Movie Review: “Secret in Their Eyes”

Starring
Chiwetel Ejiofor, Julia Roberts, Nicole Kidman, Alfred Molina, Michael Kelly
Director
Billy Ray

“Secret in Their Eyes” had its work cut out for it. The source material is a (fantastic) 2009 Argentinean film which won the Academy Award for Best Foreign Film the following year. It’s an intense, well-plotted crime thriller with an unrequited love story at its center. I described it at the time as “The Remains of the Day” set in a 1970s police station. Writer and director Billy Ray (“The Hunger Games,” “Captain Phillips”) knew that timeline wasn’t going to fly with a 2015 American adaptation, and while he loses a bit of the “Remains” aspect of the original story as a result, the time in which he places the flashback, post-9/11 Los Angeles, is a genius move. Paranoia is at an all-time high, and all of law enforcement was under tremendous pressure to find someone they can turn, and once they did, they protected that asset at all costs. You can see where that kind of environment would cause good cops to make bad decisions, and bad cops to make worse ones.
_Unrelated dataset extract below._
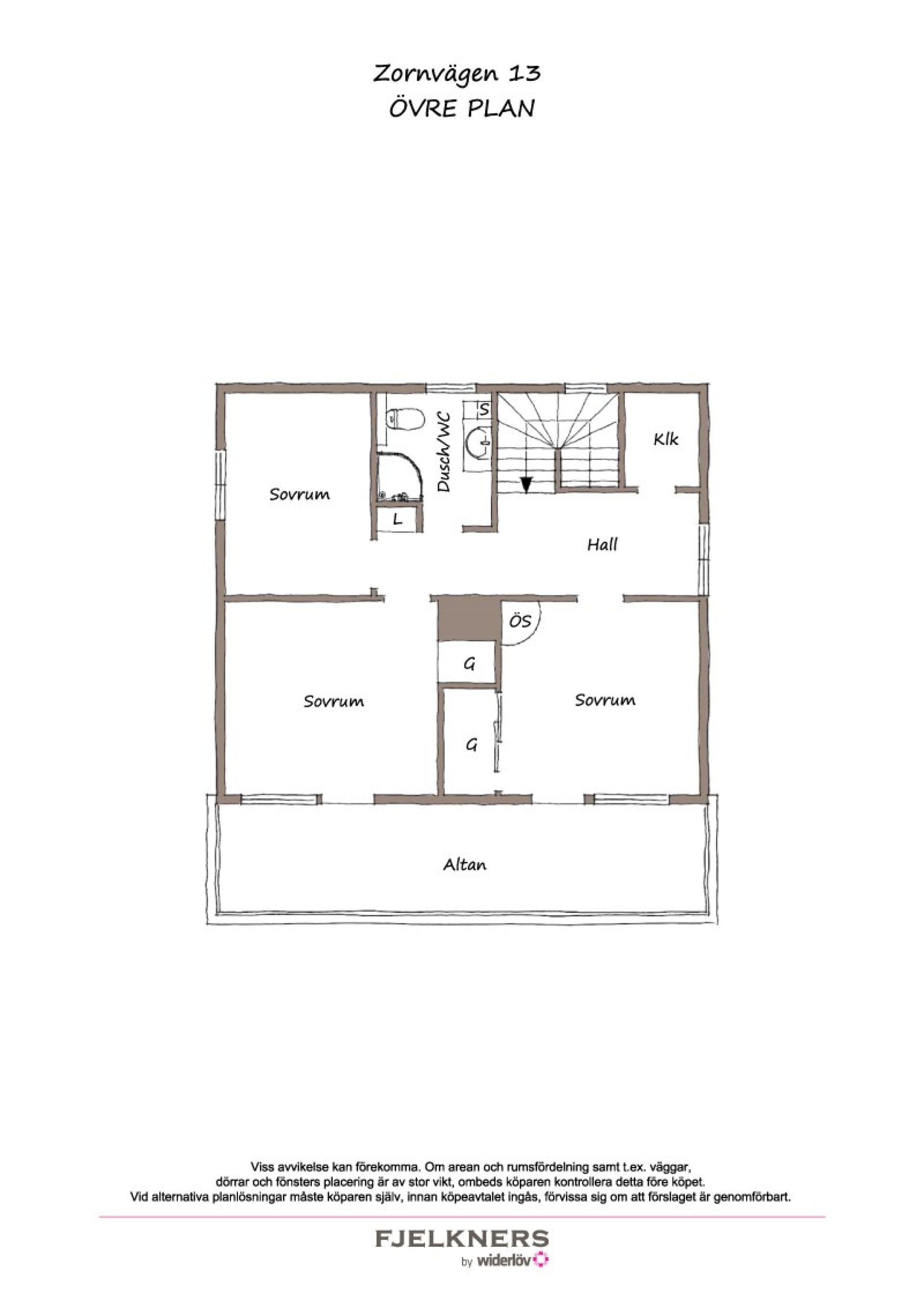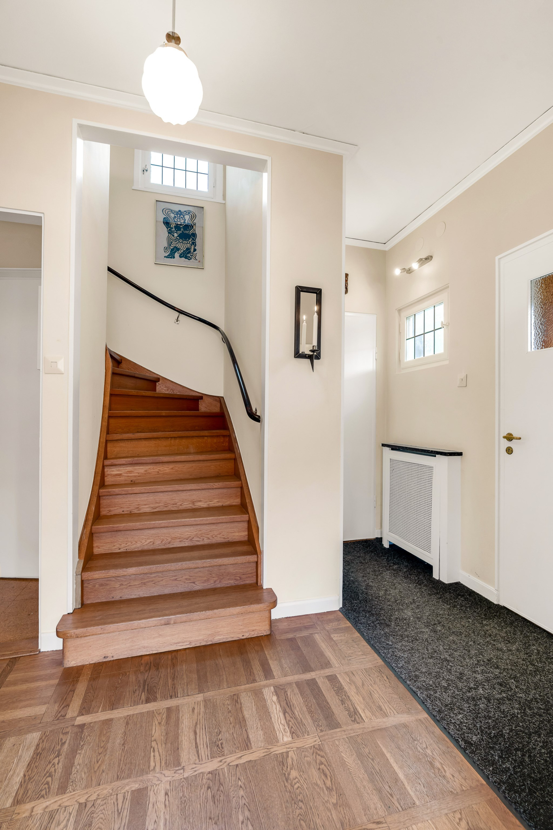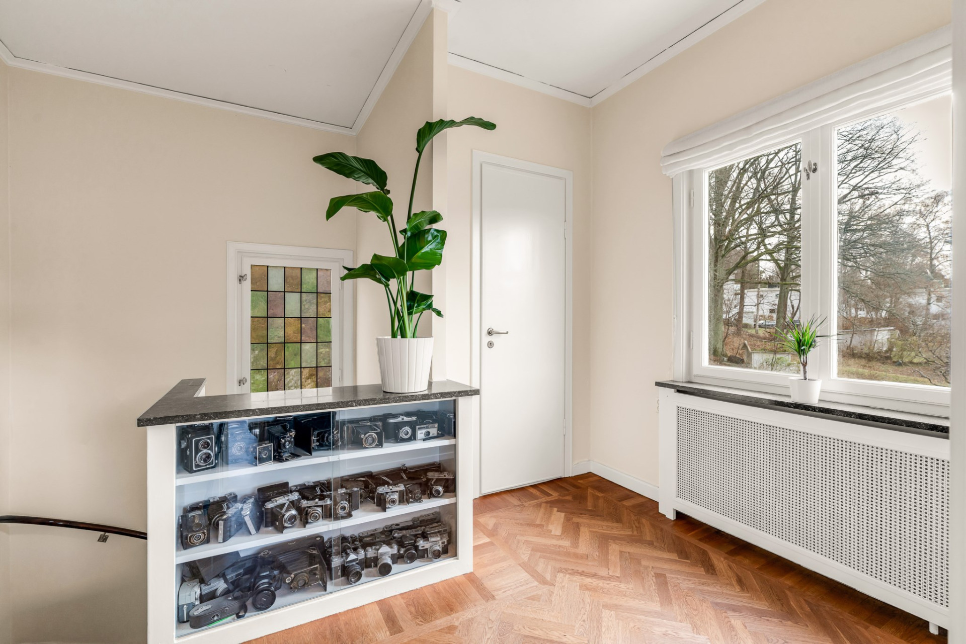 Längs vacker ektrappa tar vi oss till det övre planet där vi möts av en möblerbar hall som skapar en behaglig känsla av rymd och binder samman tre rogivande sovrum. Blyspröjsade fönster och vacker fiskbensparkett blir det lilla extra. Master bedroom är rymligt med en vacker öppen spis, stor garderobsvägg med spegeldörrar och härligt ljus från såväl fönster som balkongdörr. Det rymliga badrummet kompletterar våningsplanet med helkaklade väggar i sobert vitt, dusch och praktisk kommod som rymmer det mesta. Här finns gott om plats för hela familjen.

Ray (Chiwetel Ejiofor) works security for the New York Mets, but he spends his nights scanning databases for the one that got away 13 years ago, when he was working for the Counter Terrorist Unit in Los Angeles in 2002. He’s watching a local mosque, and when he receives word that a body is found in a nearby dumpster, he is shocked to discover that it is the daughter of his colleague Jessica (Julia Roberts). Ray’s only suspect in the case was a boy who regularly visited the mosque, but because of the boy’s value (he was a mole, and was about to give CTU an entire sleeper cell), he was considered untouchable.

Present-day Ray asks Claire (Nicole Kidman), for whom he’s been carrying a torch since the moment he met her and is now the city’s district attorney, to reopen the case so they can investigate a man recently out on parole, whom Ray firmly believes is Jess’ daughter’s killer. At this point, even Jessica is telling Ray and Claire to walk away, but Ray is motivated by this case for a reason that not even Jessica knows.

Roberts is immediately distracting with her lack of makeup – dear God, she’s channeling Charlize Theron in “Monster,” or Mariah Carey in “Precious” – but this is bar none the best work she’s done in years, contrived unsightliness be damned. (The scene where she sees her daughter for the first time is heartbreaking.) For anyone who knows the biggest hits in Roberts’ filmography, it’s hard not to look at this as Pretty Woman deliberately going “ugly.” For her sake, I hope that isn’t the case, but it certainly looks that way. Either way, it wasn’t necessary.

Billy Ray adapted the story quite nicely, keeping the important pieces in place, but changing their settings. The soccer stadium becomes a baseball stadium. He re-creates the elevator scene, and though the circumstances this time around neuter that one a bit, it’s still intense. And most importantly, he maintains the ending, though he gets a little chatty right before the Big Reveal, and therefore revealed too much too soon. (In fact, he extends the ending, which did not need to happen.) He makes up for this, though, with how he handles the 9/11 politics, because it makes perfect sense why every other cop would put their own interests ahead of those of Ray, Jess and Claire.

The movie’s biggest weakness is Kidman. She has one fantastic scene where she brilliantly goads the suspect into revealing his true nature, but otherwise delivers her lines with this almost Marilyn Monroe-esque seductive whisper that makes it difficult to take her careerist character seriously, and the Aussie accent slipping in now and then does not help matters. Bonus points, though, go to casting Michael Kelly (“House of Cards”) as a douchey rival cop, and Alfred Molina as Ray’s singularly focused boss. Ejiofor is, well, Ejiofor. Dude delivers great work even when the material doesn’t call for it.

But this material calls for it. “Secret in Their Eyes” is that rare beast: a thriller with a heart. Even rarer, it is a well-made adaptation of a foreign film, somewhere in between recent attempts like “Let the Right One In”/”Let Me In” and the two “Girl with the Dragon Tattoo” movies. You should start with the original, of course, but as Hollywood remakes go, this one is impressive.